:: Extracted information ::

--------------------------------------------------

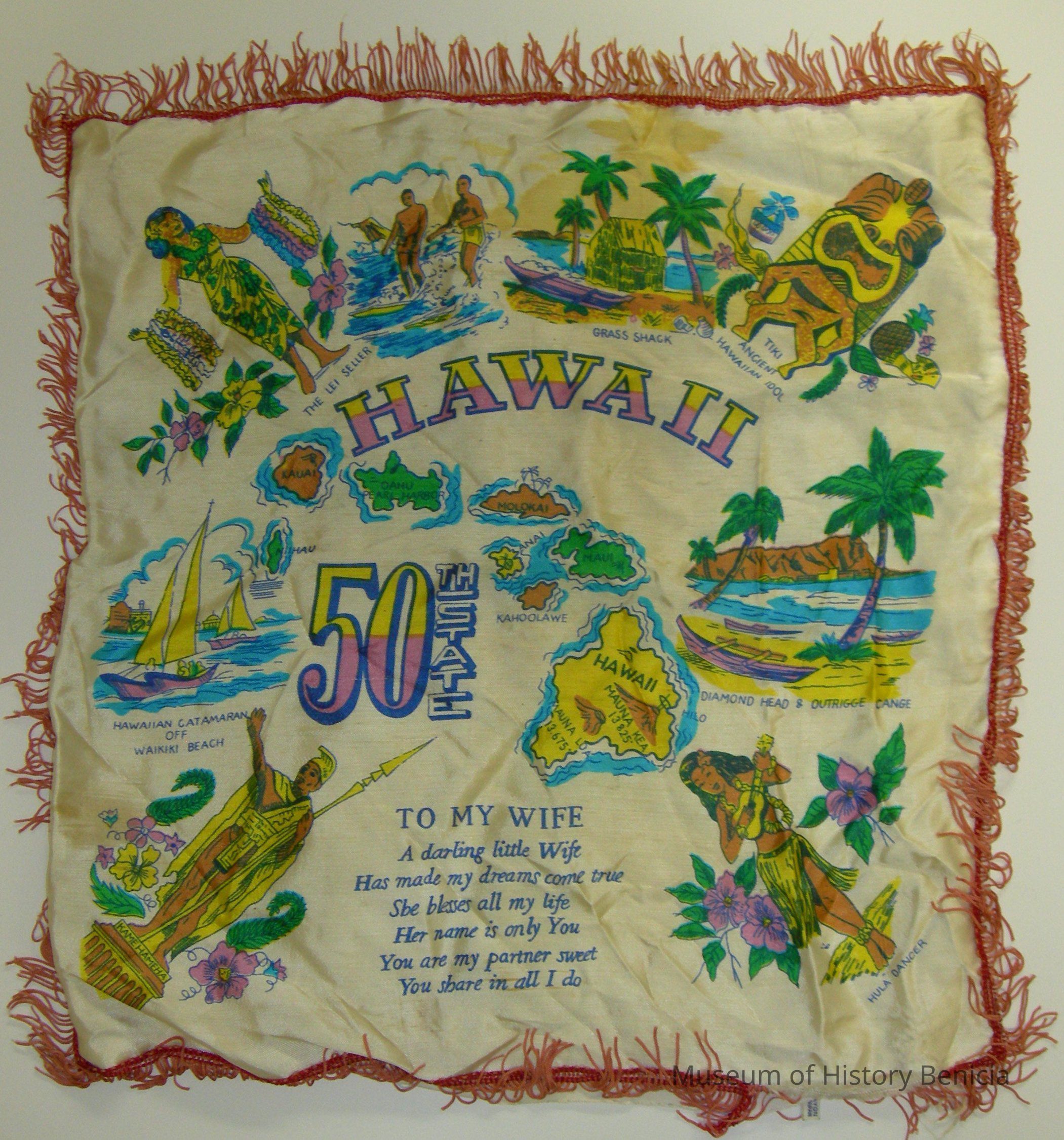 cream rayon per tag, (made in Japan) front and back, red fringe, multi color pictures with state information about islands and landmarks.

--------------------------------------------------

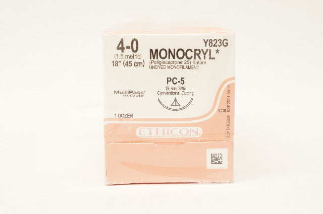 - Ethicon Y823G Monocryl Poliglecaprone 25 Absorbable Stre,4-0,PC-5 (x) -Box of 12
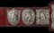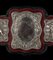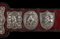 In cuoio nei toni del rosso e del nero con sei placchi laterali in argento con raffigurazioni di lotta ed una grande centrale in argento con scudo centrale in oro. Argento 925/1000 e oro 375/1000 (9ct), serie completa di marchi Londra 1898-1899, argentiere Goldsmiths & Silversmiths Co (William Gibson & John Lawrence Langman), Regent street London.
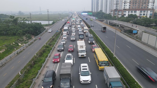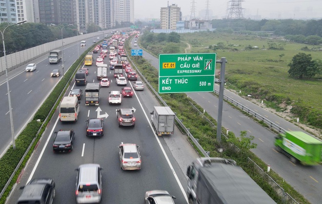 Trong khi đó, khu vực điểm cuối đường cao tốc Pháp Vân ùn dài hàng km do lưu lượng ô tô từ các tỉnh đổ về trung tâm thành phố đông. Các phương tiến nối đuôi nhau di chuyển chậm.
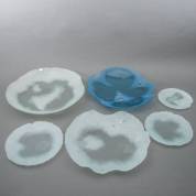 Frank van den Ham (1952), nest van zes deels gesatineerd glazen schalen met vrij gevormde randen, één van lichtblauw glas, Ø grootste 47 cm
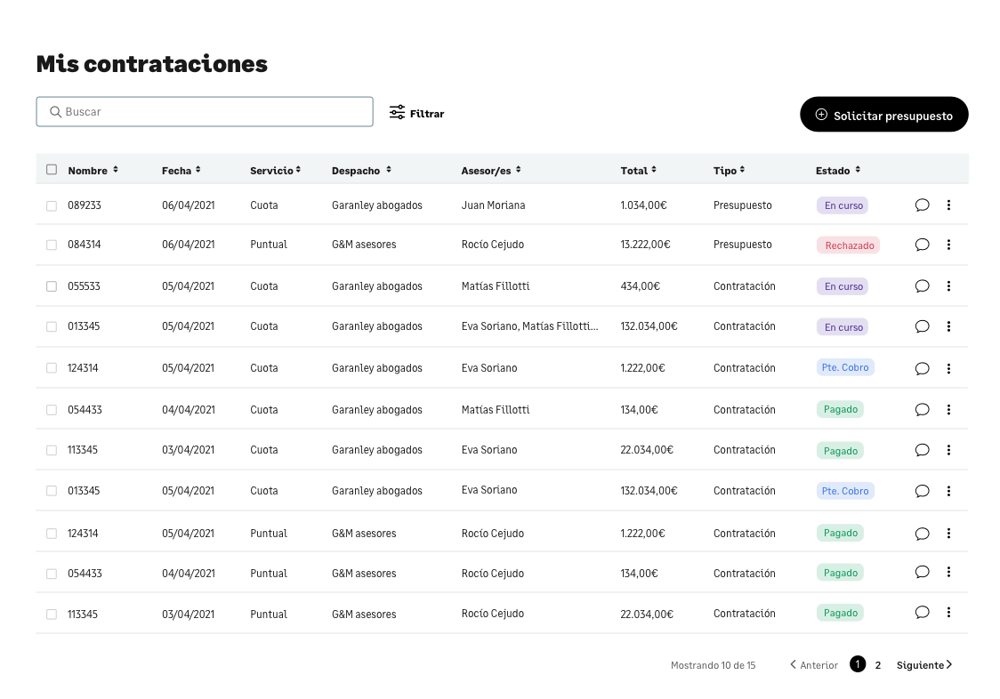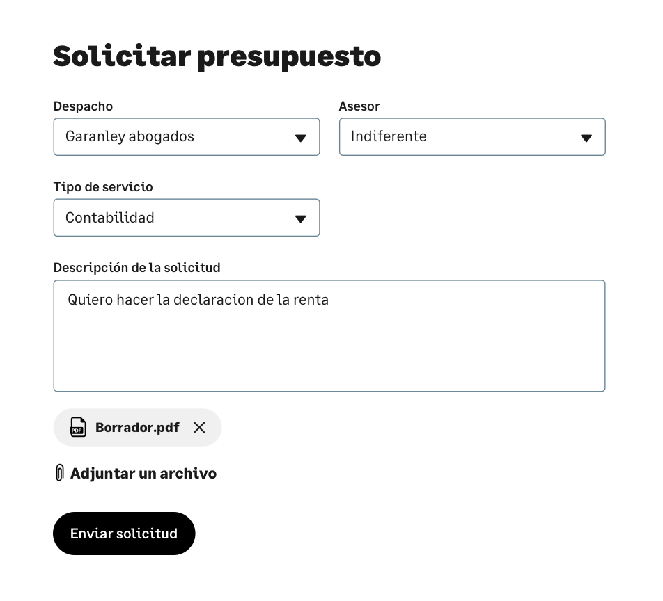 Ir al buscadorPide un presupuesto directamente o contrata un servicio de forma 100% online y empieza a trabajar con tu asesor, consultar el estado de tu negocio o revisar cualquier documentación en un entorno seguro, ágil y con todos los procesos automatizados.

--------------------------------------------------

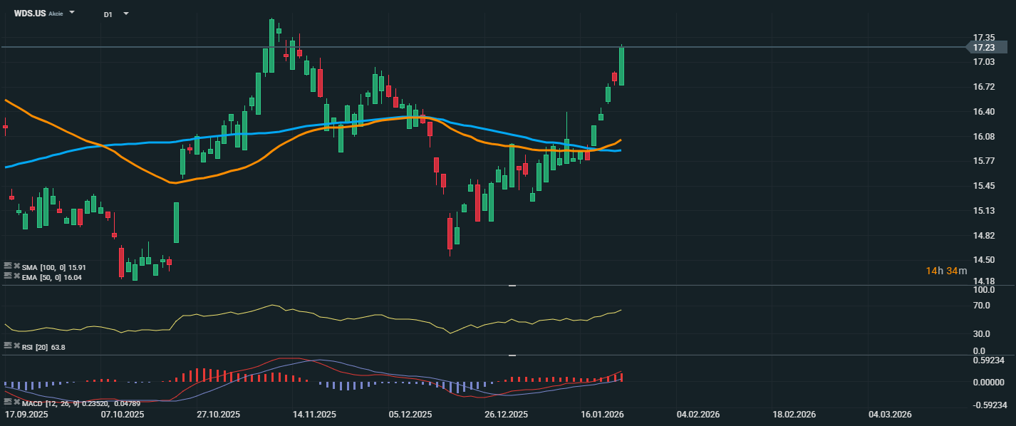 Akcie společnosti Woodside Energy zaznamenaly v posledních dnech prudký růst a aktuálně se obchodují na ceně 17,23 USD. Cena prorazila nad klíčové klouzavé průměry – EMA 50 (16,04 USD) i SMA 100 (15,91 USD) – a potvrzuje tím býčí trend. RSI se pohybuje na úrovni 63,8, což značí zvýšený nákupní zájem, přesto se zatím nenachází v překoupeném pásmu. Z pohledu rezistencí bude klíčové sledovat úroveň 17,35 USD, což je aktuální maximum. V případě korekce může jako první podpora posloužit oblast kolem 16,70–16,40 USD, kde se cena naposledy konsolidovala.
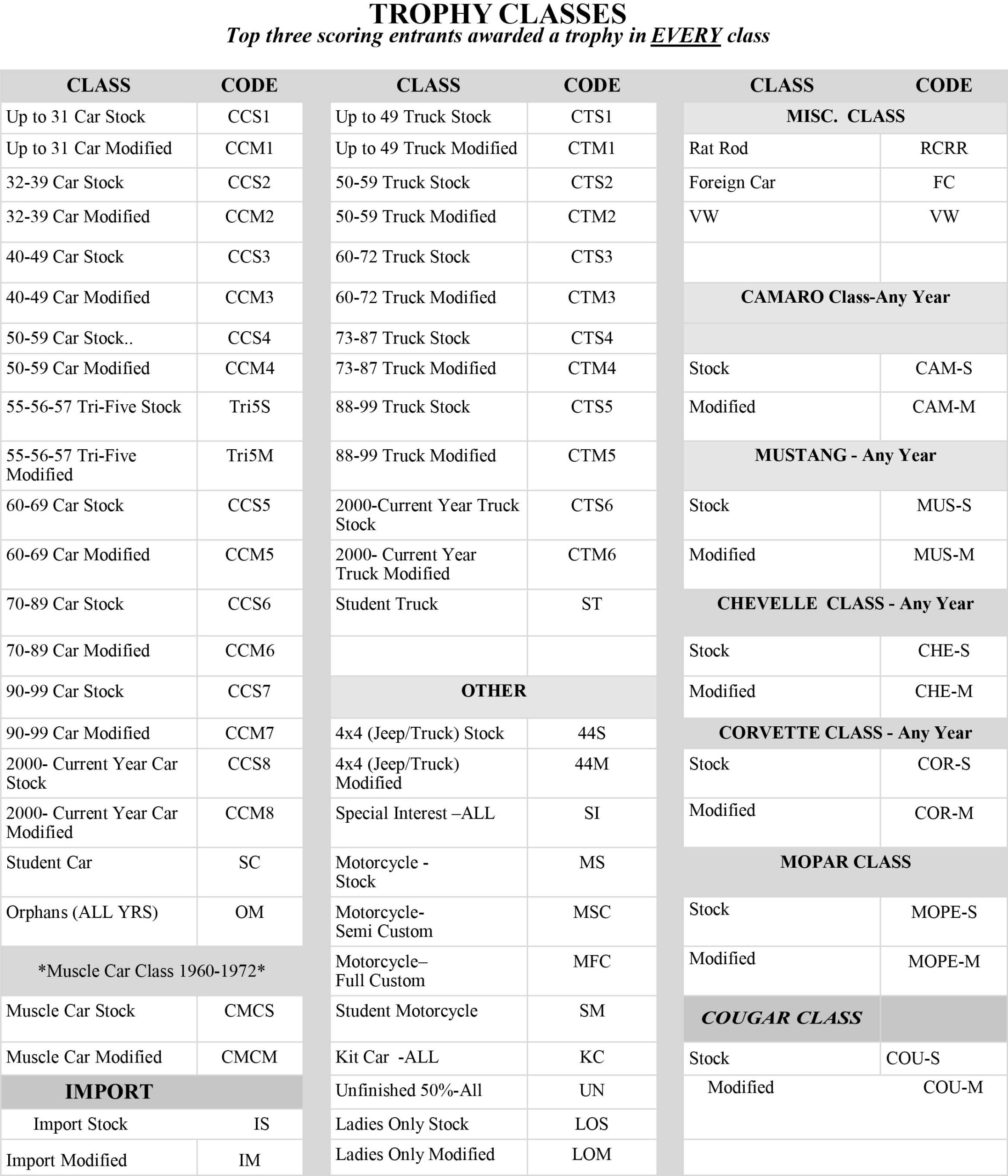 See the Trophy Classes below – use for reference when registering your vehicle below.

--------------------------------------------------

Look above for the line containing "- Ethicon Y823G" and the line containing "In cuoio nei", then reproduce both and everything between them exactly, pictures omitted.

:: Output ::
 - Ethicon Y823G Monocryl Poliglecaprone 25 Absorbable Stre,4-0,PC-5 (x) -Box of 12
 In cuoio nei toni del rosso e del nero con sei placchi laterali in argento con raffigurazioni di lotta ed una grande centrale in argento con scudo centrale in oro. Argento 925/1000 e oro 375/1000 (9ct), serie completa di marchi Londra 1898-1899, argentiere Goldsmiths & Silversmiths Co (William Gibson & John Lawrence Langman), Regent street London.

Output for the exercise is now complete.